We previously discussed OpenAI's preparedness framework, and essentially what their preparedness framework is, is how they look at problems when dealing with AGI-level systems or essentially just dangerous AI systems that could be harmful to the public or to pretty much anyone. So essentially, what we're looking at here is the real way that they're going to look to protect the general public in terms of these dangerous AI systems. You can see right here, this framework spells out our safety for measuring and forecasting risks and our commitments to deployment and development if safety mitigations are ever lagging behind.
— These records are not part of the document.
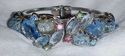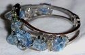 This pretty bracelet is in very good condition. There are no chipped, cracked, scratched, missing or replaced stones. There are many sizes, shapes and textures plus a couple of pink and green accent stones. They all are securely set. The silvertone finish is nice and shiny too. At the front it is 1" wide and at the hinge, 3/8". The opening is 2 1/4" by 1 7/8" across. The hinge is as snappy as new with no play n it at all. If you have any questions, please do not hesitate to ask. The winning bidder is to pay 1.75 for 1st Class shipping in a well padded envelope after having been wrapped in tissue and bubble, plus insurance if desired. That amount includes delivery confirmation and I never charge a handling fee. Thank You !!!
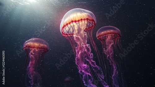 surreal, underwater, earth, glowing, jellyfish, drifting, softly, dark, ocean, emitting, radiant, light, shades, purple, pink, scene, calm, wonder, honed, magical, atmosphere, sea, fish, water, blue, animal, jelly, aquarium, marin, medusa, nature, life, swim, deep, aquatic, wildlife, tentacle, sting, transparent, semitransparent, black, floating
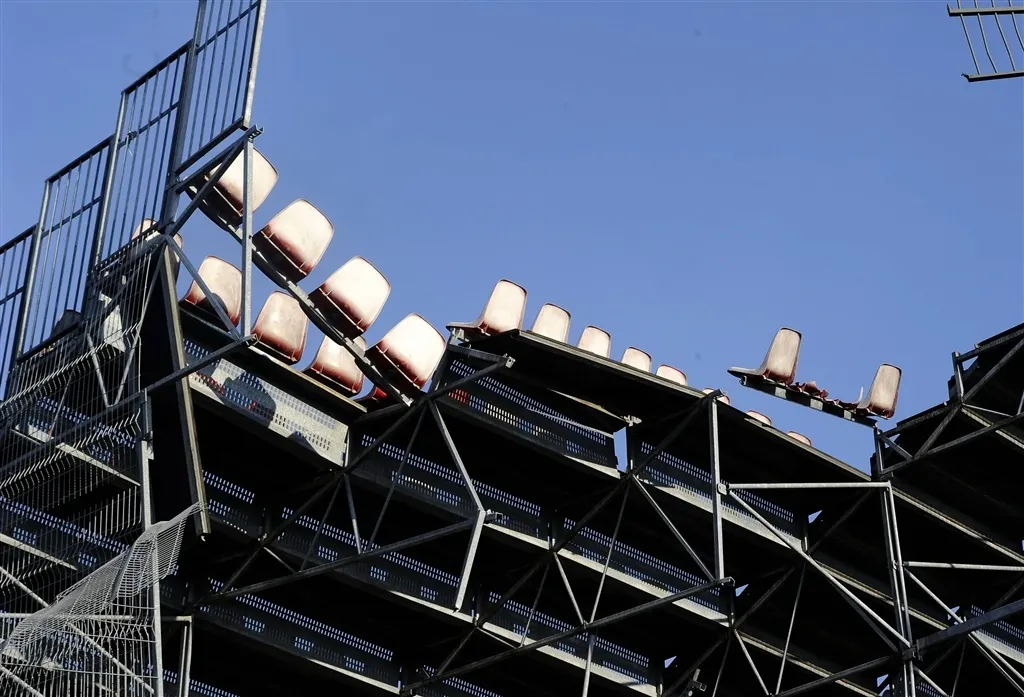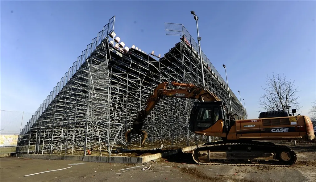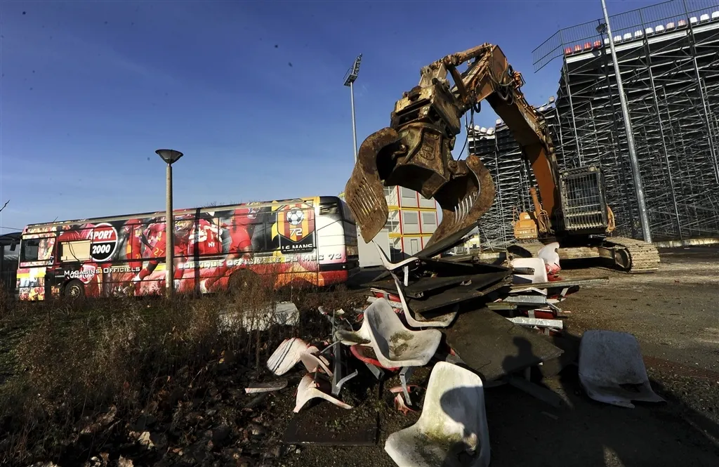 Haute d’une quinzaine de mètres et longue d’une bonne cinquantaine, elle n’a pas trouvé acquéreur après la fermeture du stade Léon Bollée. Elle pouvait accueillir 3580 personnes sur ses 2300 m2. Pour augmenter la capacité du stade, elle avait connu deux phases d’installation en 1998 puis en 2003 et avait fait l’objet d’une rigoureuse visite d’homologation. Mais maintenant, c’est du passé. Le stade Léon Bollée traîne ses souvenirs et se laisse un peu aller, à l’image de sa pelouse généreuse et de sa tribune SEM, amputée de centaines de fauteuils. Mais c’est ainsi. Le MMarena est né, Bollée est mort. Et c’est avec un bel appétit que la pelle mécanique dévore les structures métalliques de cette tribune Sud.
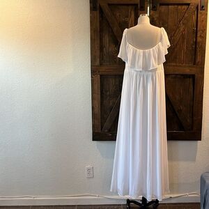 New no tag Designed as convertible neckline, with stretchy ruffle decoration, you can wear as a plain neckline with cold shoulder or squared neckline with ruffle sleeves, A slit on the skirt. This dress is perfect as your bridesmaid dress for beach wedding.
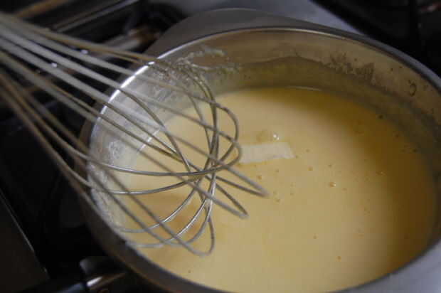 Agregue la mantequilla, una pieza a la vez, dejando que cada pieza se derrita antes de añadir el siguiente.
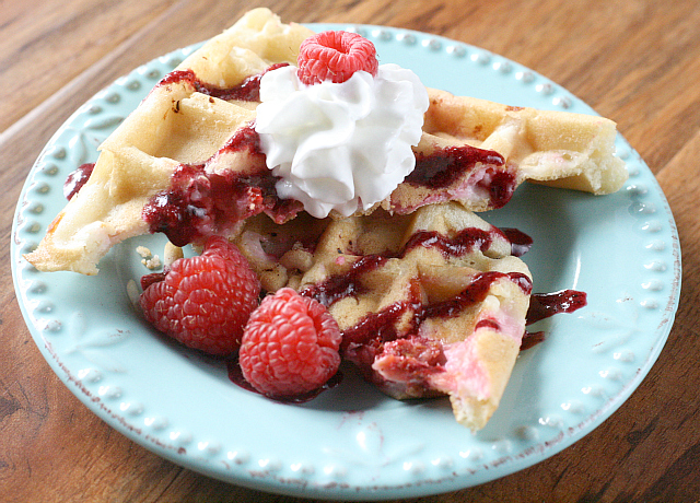Have family staying over for the long weekend? Wake them up with these raspberry and cream stuffed waffles topped with blueberries. It's a great way to get everyone ready for a day of fun in the sun!
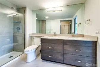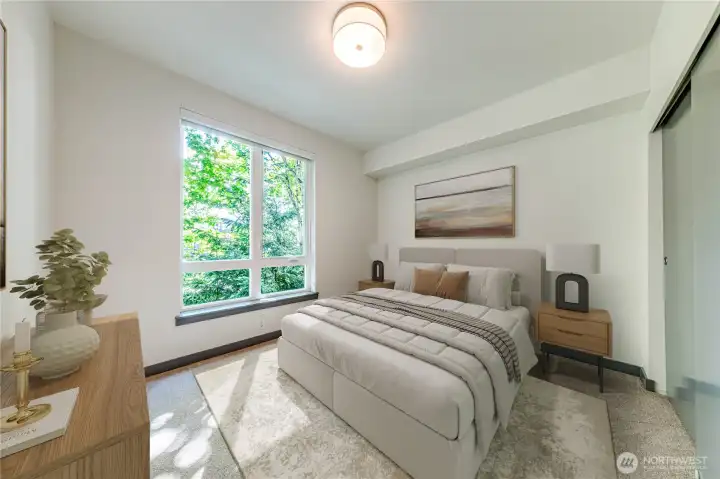 Live in style at JADE, Totem Lake's premier urban community! Explore this gorgeous & bright two-bedroom corner residence featuring wide plank hardwood floors, waterfall edge quartz countertop, & stainless-steel Bosch appliances. This unit features a large outdoor space that only a few units have! 9 ft ceilings, high-end modern interior finishes, expansive windows, and a den large enough to fit a queen-sized bed or beautiful home office. Well-managed HOA with low dues and no rental cap. Enjoy resort-style amenities: clubroom, gym, rooftop deck, on site concierge, package lockers, storage, guest parking, dog washing area, bike storage, 2 garage spaces & EV charging. Steps to Totem Lake Village, parks & transit center. Award-winning Schools.

And of course, I'm going to go to the full tweet in a second, but of course, you can see this is the guy that tweeted "Brace yourselves, AGI is coming." This is someone that does actually work at OpenAI. So, of course, this is the actual link. And of course, if you're wondering who Janlike is, Janlike is actually a machine learning researcher co-leading super alignment at OpenAI and optimizing for a post-AGI future where humanity flourishes. So I do want to touch on that statement quickly because I do think it is a bit interesting that someone said, "Brace yourselves, AGI is coming,".
Because we've known for quite a while now that OpenAI is definitely close to AGI, if not very near it, because of a few different reasons which we talked about in another video, and for all of that stuff, you definitely want to watch our video where we talked about, "Did OpenAI just confirm that it has AI?" We don't think they actually have AI, but we think they're really, really close.
And so I do think it's time to take a look at that preparedness framework because some of the stuff it does talk about is a little bit scary in the sense that there's a lot of things that I didn't think that we would have to think about when looking at AI risk, but it's clear that this is something that is truly, truly, I guess you could say, thorough, and it does show us that what we are dealing with is a very, very grave risk. So this is the page. You can see it says, "Preparedness: The study of frontier AI risks has fallen short of what is possible and where it needs to be.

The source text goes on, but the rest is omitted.